Arifin menambahkan, bila melihat dari jarak tempuh dari pelambuhan jagoh ke penarik memang relatif lebih dekat hanya memakan waktu lebih kurang 20-25 menit bila mengunaka Speed Boat, mungkin dengan jarak tempuh yang lebih singkat menjadi alasan para penumpang memilih pelabuhan penarik.

“Dibandingkan jarak tempuh dari pelabuhan Jagoh ke Tanjung Buton yang sedikit lebih jauh, memakan waktu 45 hingga 1 jam bila menggunakan Speed Boat, menurutnya, bila para penumpang berangkat lewat pelabuhan tanjung buton ada retribusi yang masuk ke daerah tentunya akan menambah PAD Lingga, karena pelabuhan tanjung buton adalah pelabuhan resmi milik Pemerintah,” lanjut Arifin.

BACA JUGA :  Pemkab Anambas Laksanakan Dialog Interaktif Antar Umat Beragama

Dikonfirmasi terpisah, Kepala Dishubkominfo, Kabupaten Lingga, Hendri Efrizal, menuturkan, untuk para penumpang dari pelabuhan Jagoh yang naik ke pelabuhan Penarik, hal tersebut tidak masalah, karena tidak ada aturan yang mengatur untuk penumpang carter, jadi tidak ada masalah mereka mau naik lewat mana dan mereka berhak memilih.

“Bagi penumpang Carter tidak masalah ingin merapat di pelabuhan mana, karena tidak ada aturan yang mengikat, kecuali trayek kapal, izinnya ada pada dishub, jadi harus ke pelabuhan,” terang Hendri Efrizal, kepada wartawan, Minggu (31/5/2015).

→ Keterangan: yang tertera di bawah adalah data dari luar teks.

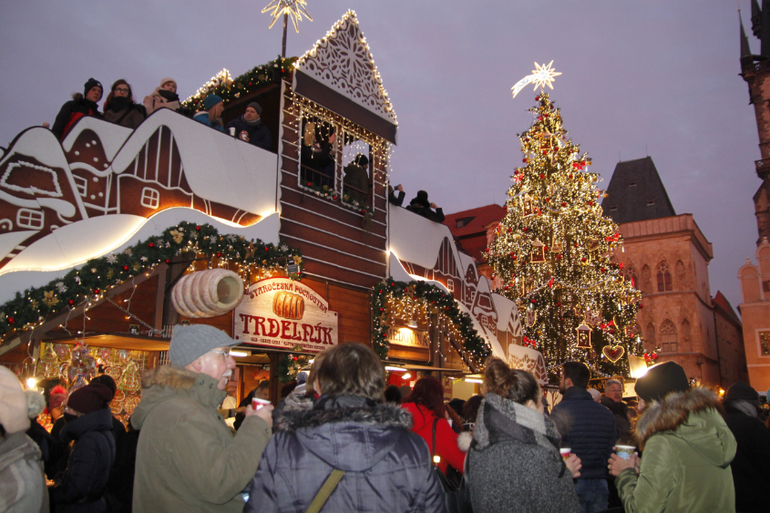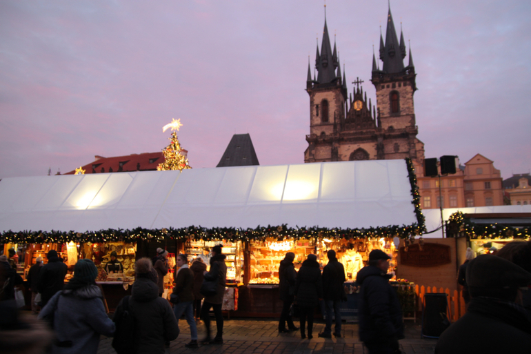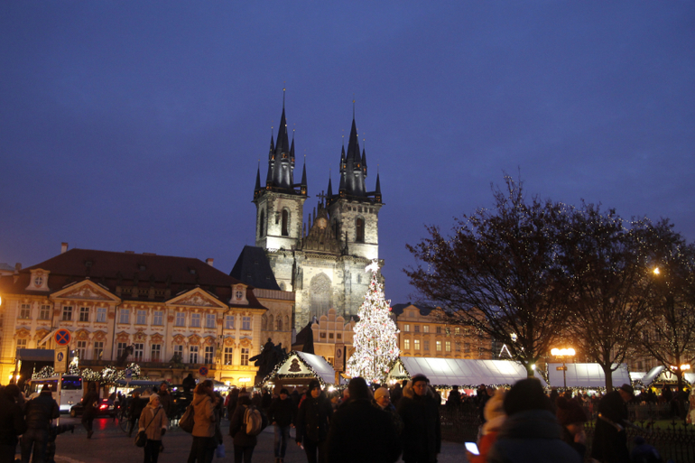 с вацлавской площади двинулись в сторону Староместской площади. Именно там находится самая большая ярмарка Праги, и главная елка!
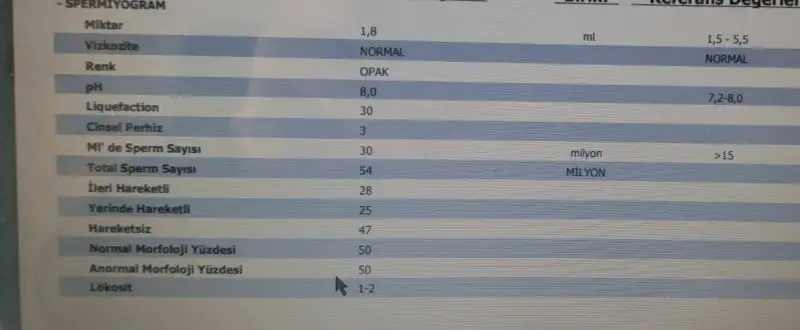 Toplam sperm 54 milyon %28 ileri haraketiniz varmış. Spermlerin yarısı düzgün yapıdaymış. Sonucunuz kötü değil normal değerlere çok yakın olmakla birlikte çok az vitamin takviyesi yapılabilir %25lik yerinde hareketli spermler haraketlenir şansınız da artar. Keçiboynuzu kürü de yapabilirsiniz. Çok geçmiş olsun.
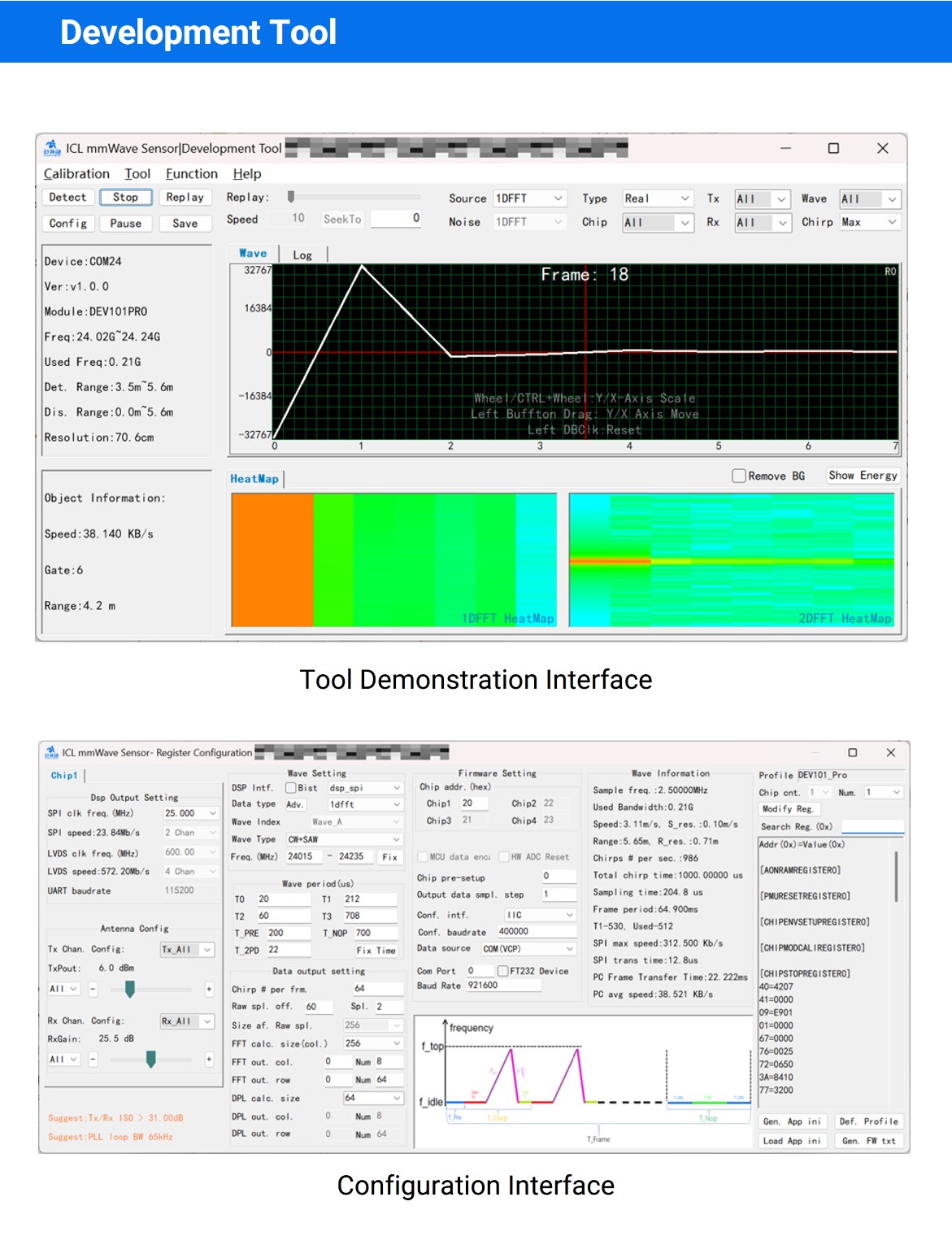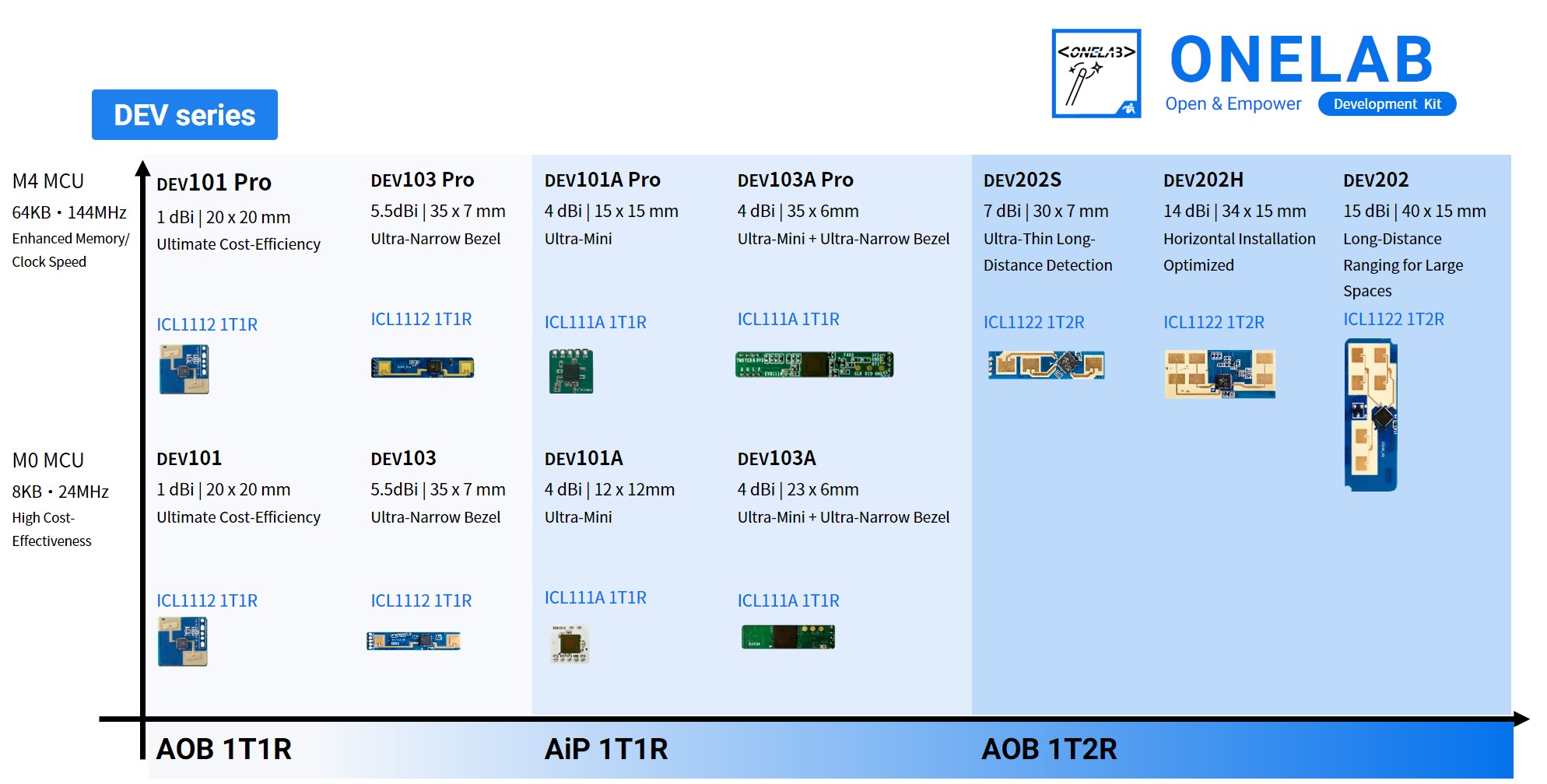 DEV202/202S/202H development kits are based on ICL1122 1T2R mmWave sensor SoC, offering M4 MCU High-Performance configurations.
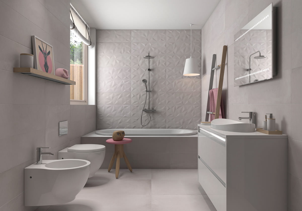 Should you combine gray tiles with tiles of other colors? It is usually recommended to “dilute” gray surfaces with white to avoid adding gloom. However, are gray interiors really gloomy? Gray itself is very rich in shades. It can be warm and cold, light and dark, beige or bluish, have many different tones.
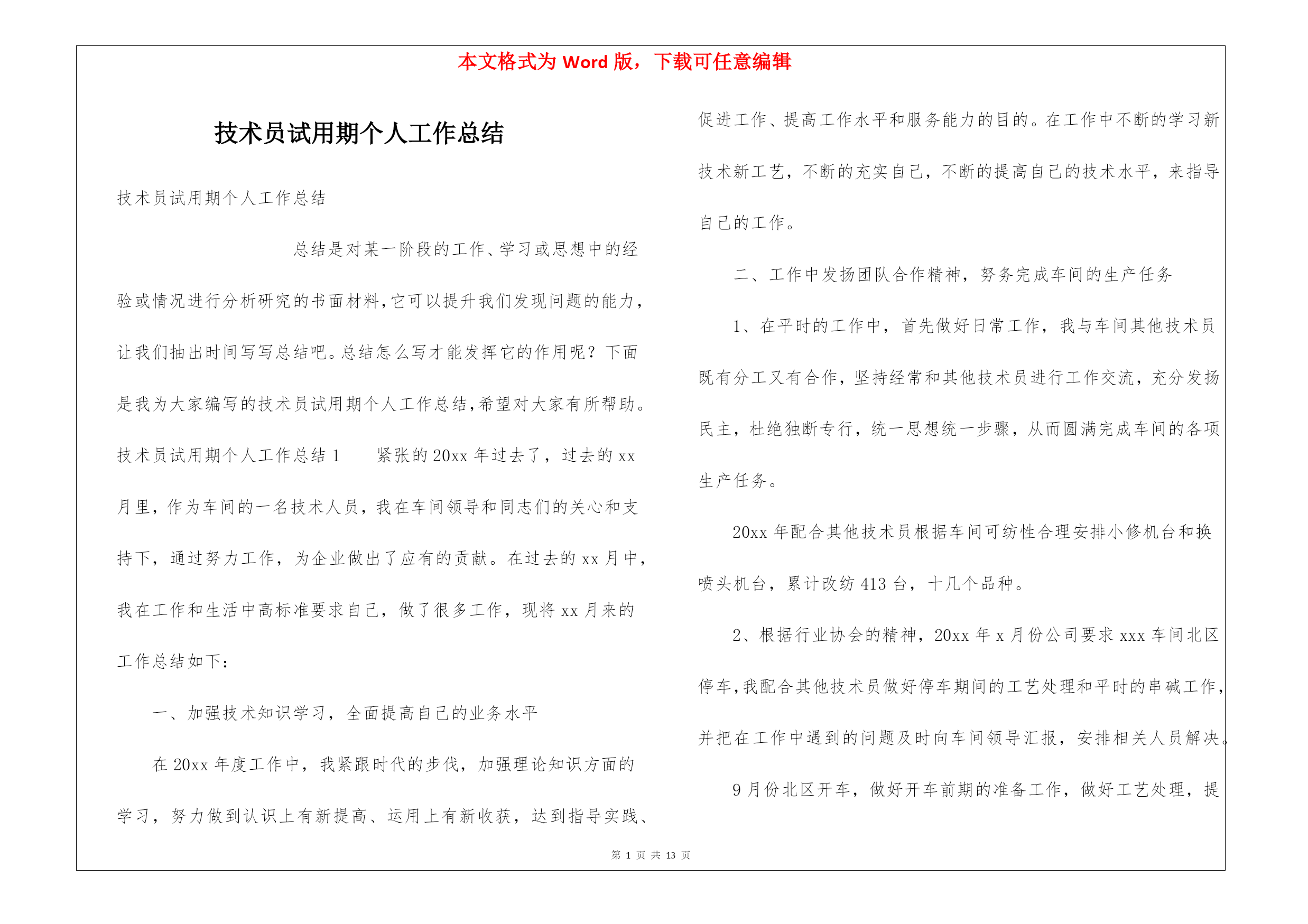 本文格式为Word版,下载可任意编辑第PAGE\*MERGEFORMAT13页共NUMPAGES\*MERGEFORMAT13页技术员试用期个人工作总结技术员试用期个人工作总结总结是对某一阶段的工作、学习或思想中的经验或情况进行分析研究的书面材料,它可以提升我们发现问题的能力,让我们抽出时间写写总结吧。总结怎么写才能发挥它的作用呢?下面是我为大家编写的技术员试用期个人工作总结,希望对大家有所帮助。技术员试用期个人工作总结1紧张的20xx年过去了,过去的xx月里,作为车间的一名技术人员,我在车间

Untuk retribusi pelabuhan berkurang, akan kita pikirkan, namun Dishub tidak bisa mengatur speed carter baik dari Tanjung Buton – Jagoh atau sebaliknya.

BACA JUGA :  Besok Dijadwalkan Presiden Jokowi dan Menkes Budi Akan Hadir di Tanjung Pinang

“Speednya memang mempunyai izin, namun untuk izin trayek memang tidak ada, jadi tidak ada aturan yang mengikat untuk speed tersebut merapat dipelabuhan mana,” imbuhnya. (SK-Pus)

LIPUTAN LINGGA : PUSPADINTO
EDITOR : DEDI YANTO

Shares

No More Posts Available.

No more pages to load.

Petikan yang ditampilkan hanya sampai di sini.